La riforma della legge elettorale in Toscana
Un paradosso matematico agita le acque della politica toscana: com'è possibile che oltre 57.000 cittadini si rechino alle urne, esprimano una preferenza eppure restino privi di rappresentanza? In questo contesto, la mossa del Partito Democratico di proporre l’abolizione del cosiddetto "listino bloccato" somiglia a un’operazione di ingegneria del consenso.
La proposta firmata da Simone Bezzini, capogruppo PD, punta a eliminare la facoltà di indicare fino a tre candidature regionali bloccate. Sulla carta, la narrazione è accattivante: "rafforzare il ruolo degli elettori", restituendo centralità alle preferenze. Il listino tuttavia è uno strumento facoltativo che le stesse forze politiche — da Fratelli d'Italia al Movimento 5 Stelle — ammettono di aver raramente utilizzato.
Come sottolineato da Antonella Bundu, già candidata alla presidenza per Toscana Rossa, ci troviamo di fronte a un’anomalia marginale. Intervenire chirurgicamente su un dettaglio quasi mai adoperato serve a poco se non si ha il coraggio di toccare il cuore del sistema che comprime la pluralità. Oggi, chi sceglie di correre fuori dalle grandi coalizioni deve superare la barriera del 5%, mentre a chi si schiera sotto l'ombrello dei grandi blocchi basta il 3%. In un Consiglio Regionale di 40 seggi, dove ogni scranno vale tecnicamente circa il 2,5% dei voti, imporre un filtro al 5% significa raddoppiare il "prezzo" dell'ingresso democratico.
Non è un argine alla frammentazione, ma un’architettura dell'esclusione. Il caso di Toscana Rossa è emblematico: 57.250 voti di lista (4,51%) e una candidata presidente, Antonella Bundu, capace di raccogliere 72.321 preferenze personali (5,18%). La sentenza n. 04950/2026 del Consiglio di Stato ha definito "astrattamente plausibile" la critica a tale meccanismo, richiamando esplicitamente la politica alle proprie responsabilità.

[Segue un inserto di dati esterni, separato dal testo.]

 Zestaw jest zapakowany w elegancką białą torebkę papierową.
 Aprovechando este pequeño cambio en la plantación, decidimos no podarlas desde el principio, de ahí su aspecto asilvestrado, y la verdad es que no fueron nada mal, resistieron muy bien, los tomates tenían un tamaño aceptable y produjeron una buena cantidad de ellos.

Mentre i partiti già presenti in Consiglio godono dell'esenzione, le nuove formazioni o quelle rimaste fuori sono costrette a una raccolta firme, spesso imposta nel cuore della stagione estiva.*
Attualmente, la legge non riconosce al voto al presidente della Giunta alcun valore ai fini del calcolo per l'ingresso delle liste collegate: l'elettore che sostiene un leader manifesta una chiara volontà di partecipazione che viene però annullata da un calcolo matematico punitivo. La proposta del PD ha avuto il merito di scoperchiare un vaso di Pandora, innescando una reazione trasversale che va ben oltre il "ritocchino" del listino. Alleanza Verdi e Sinistra, attraverso i consiglieri Lorenzo Falchi, Diletta Fallani e Massimiliano Ghimenti, ha chiesto una "riforma coraggiosa" che sani le iniquità tra liste singole e coalizzate, denunciando lo sbilanciamento della rappresentanza territoriale.

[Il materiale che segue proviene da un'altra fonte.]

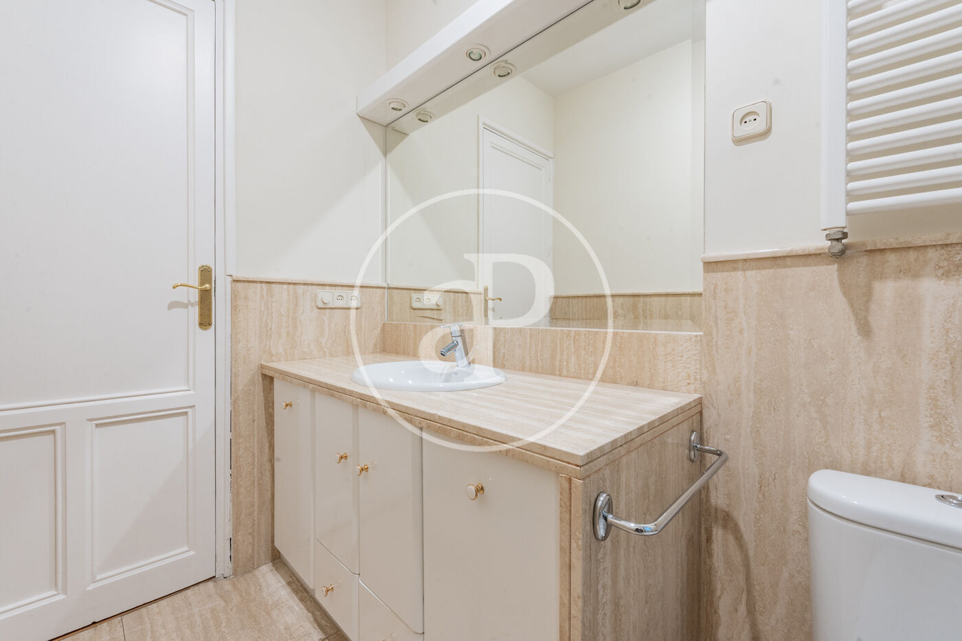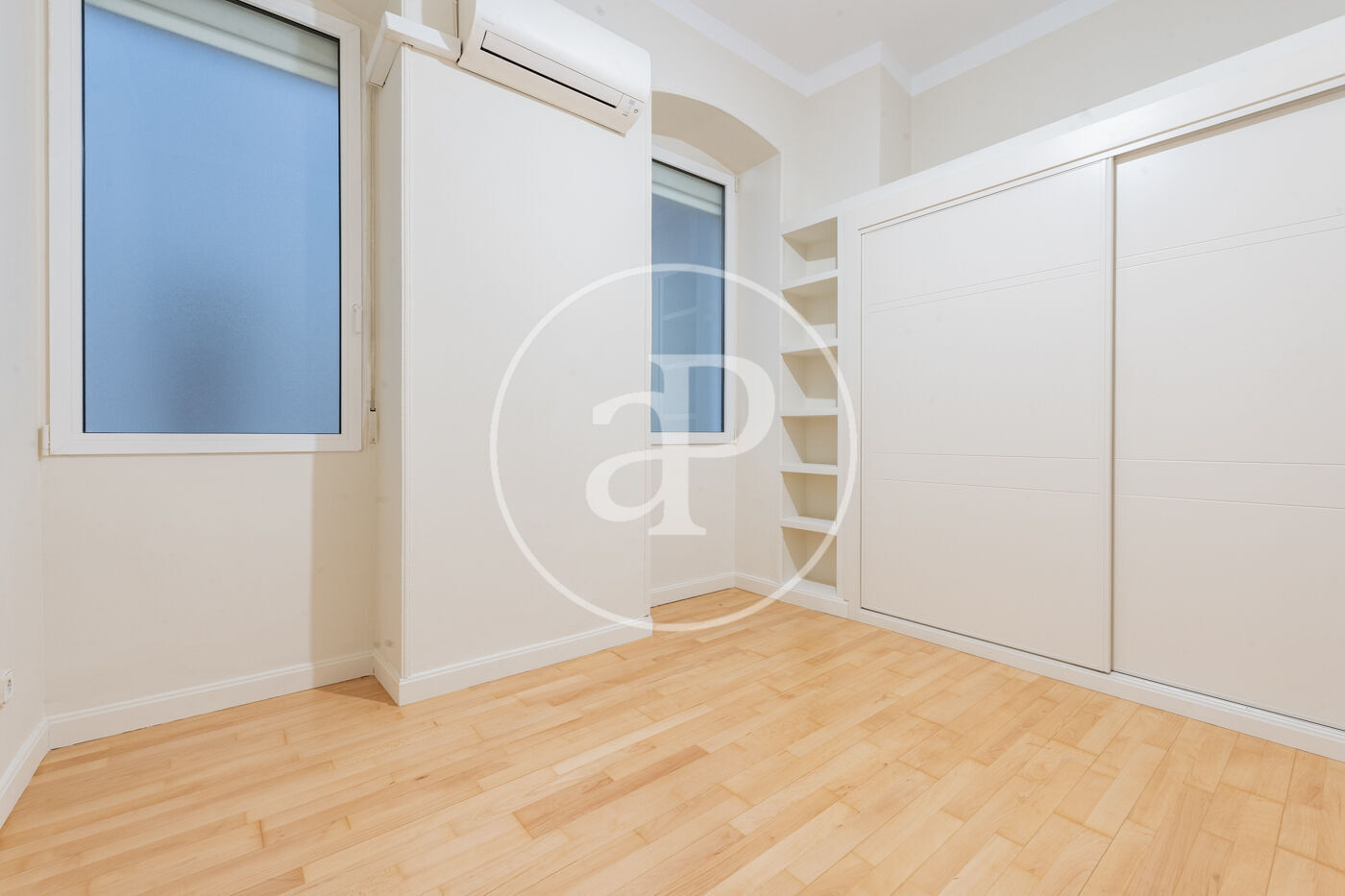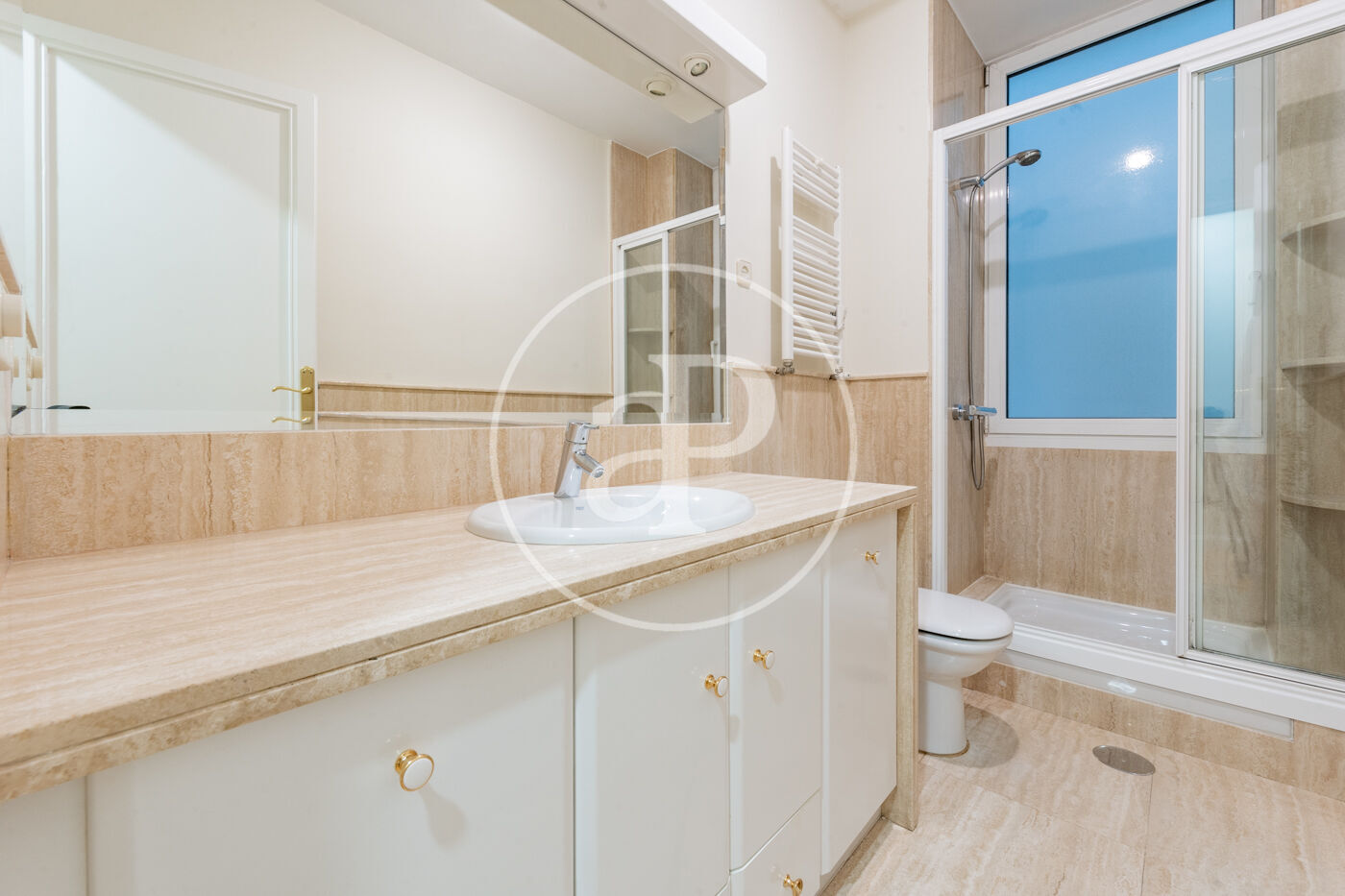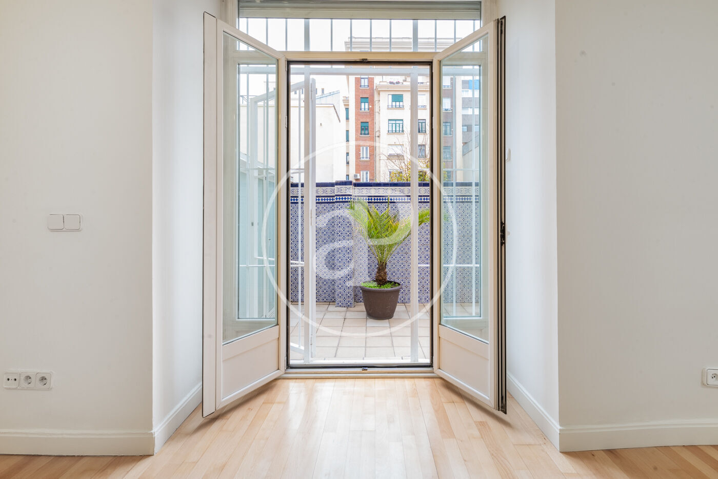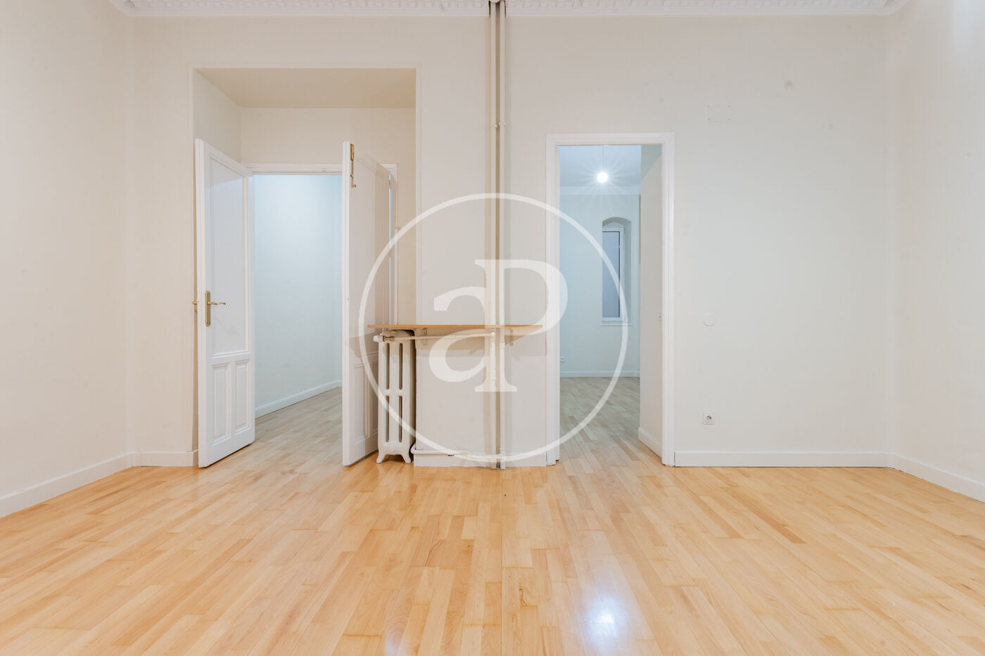 La luminosidad y amplitud son protagonistas gracias a sus grandes ventanales Schüco oscilobatientes, que proporcionan un excelente aislamiento térmico y acústico. Los techos de 3,30m de altura, decorados con sutiles elementos ornamentales en las estancias principales, refuerzan el carácter señorial y la sensación de espacio y distinción.

Su questo terreno si trova una convergenza con l'opposizione di destra: Francesco Michelotti (Fratelli d'Italia) si dice pronto al confronto, ma esige che l'intera impalcatura venga ridisegnata per tutelare le province minori e la territorialità. Anche il Movimento 5 Stelle, con Irene Galletti e Luca Rossi Romanelli, avverte che le regole del gioco non possono essere frutto di "convenienze contingenti". Si è creato, di fatto, un fronte ampio che chiede di passare dalla manutenzione ordinaria a una revisione strutturale che garantisca la qualità democratica della Toscana.
Il dibattito sulla riforma troverà un momento di sintesi politica il prossimo 29 giugno, in occasione del convegno promosso dal M5S al Palazzo del Pegaso.